Leaving out pictures, output exactly the lines below from the one that has "Мал. 34. Будова" through the one that has "orz227303 CULTIVOS DE", and nothing else.

### Supplied material
- - - - - - -
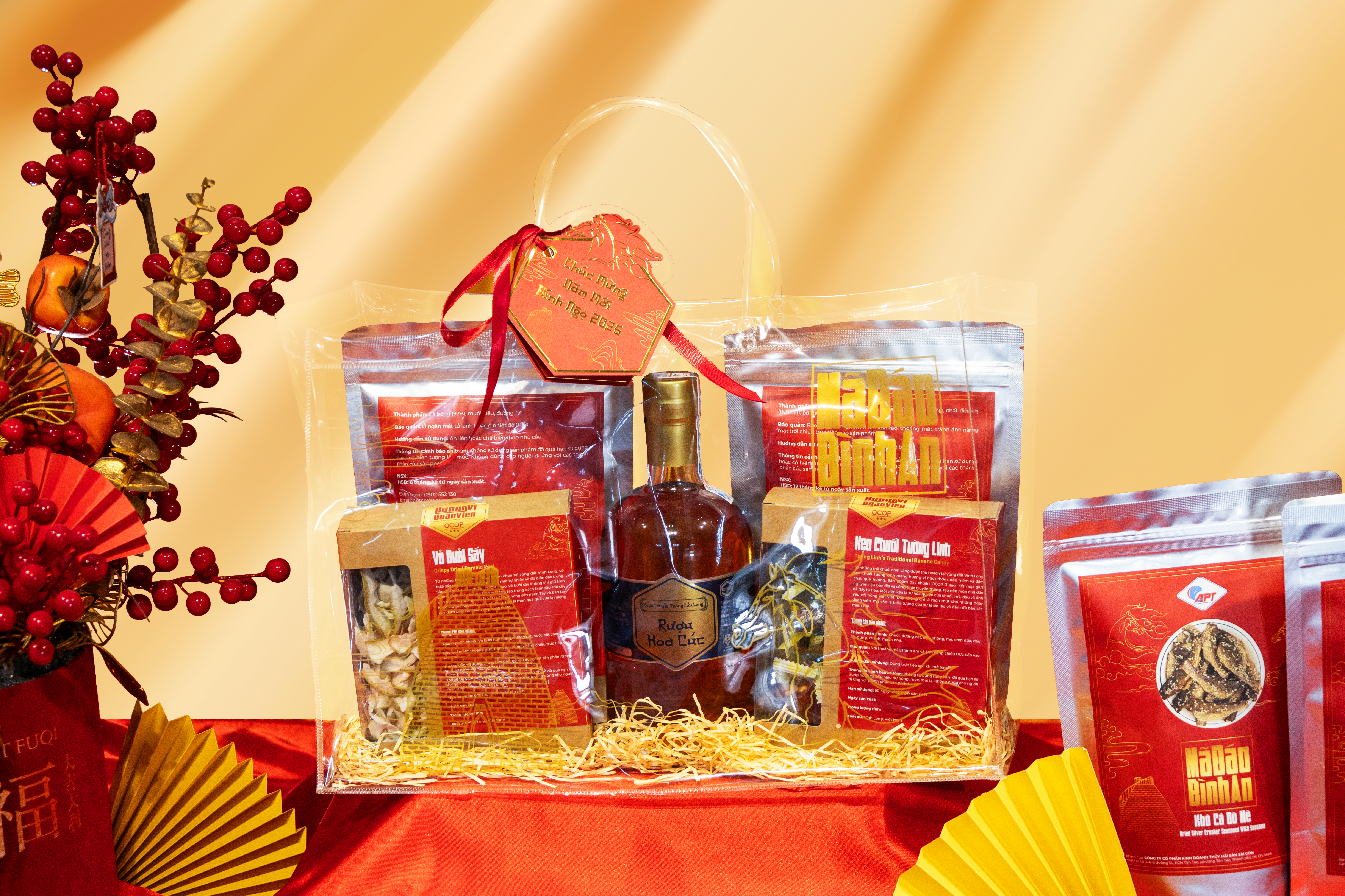 Rượu truyền thống gần như là linh hồn của nhiều giỏ quà Tết, bởi nó gắn liền với văn hóa sum họp, tiếp khách và chúc tụng đầu năm. Một chai rượu được chọn đúng không chỉ để thưởng thức, mà còn là cầu nối để mọi người quây quần, trò chuyện và kết nối.
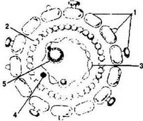 Мал. 34. Будова вірусу гепатиту В: 1 — зовнішня оболонка з HBsAg; 2 — серцевинний НВсАg; 3 — ДНК (цільний ланцюг); 4 — ДНК (дефектний ланцюг); 5 — ДНК-полімераза
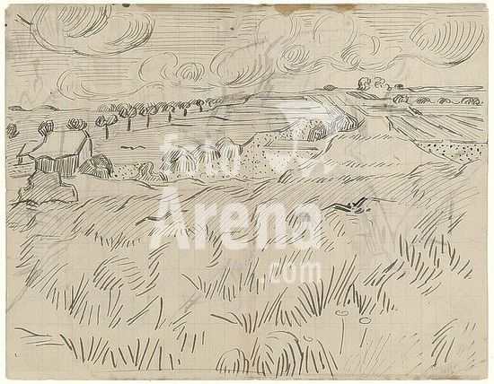 orz227303 CULTIVOS DE CEREAL - DIBUJO DE UNA CARTA DE VINCENT VAN GOGH A SU HERMANO THEO VAN GOGH - AUVERS-SUR-OISE, 24 DE JULIO DE 1890 - CARTA 908 (651): P8. Author: VINCENT VAN GOGH. Location: MUSEO VAN GOGH. Amsterdam. HOLANDA.
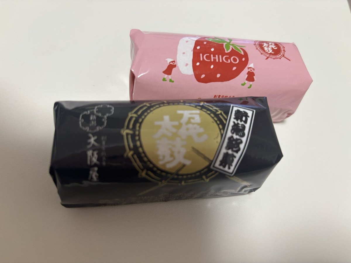 私の原点にして頂点の新潟土産こと 万代太鼓さん。 これが結局一番美味しいのよ。。。 おはよう。 pic.x.com/CXxGgzNIHA
- - - - - - -
### Answer space
 Мал. 34. Будова вірусу гепатиту В: 1 — зовнішня оболонка з HBsAg; 2 — серцевинний НВсАg; 3 — ДНК (цільний ланцюг); 4 — ДНК (дефектний ланцюг); 5 — ДНК-полімераза
 orz227303 CULTIVOS DE CEREAL - DIBUJO DE UNA CARTA DE VINCENT VAN GOGH A SU HERMANO THEO VAN GOGH - AUVERS-SUR-OISE, 24 DE JULIO DE 1890 - CARTA 908 (651): P8. Author: VINCENT VAN GOGH. Location: MUSEO VAN GOGH. Amsterdam. HOLANDA.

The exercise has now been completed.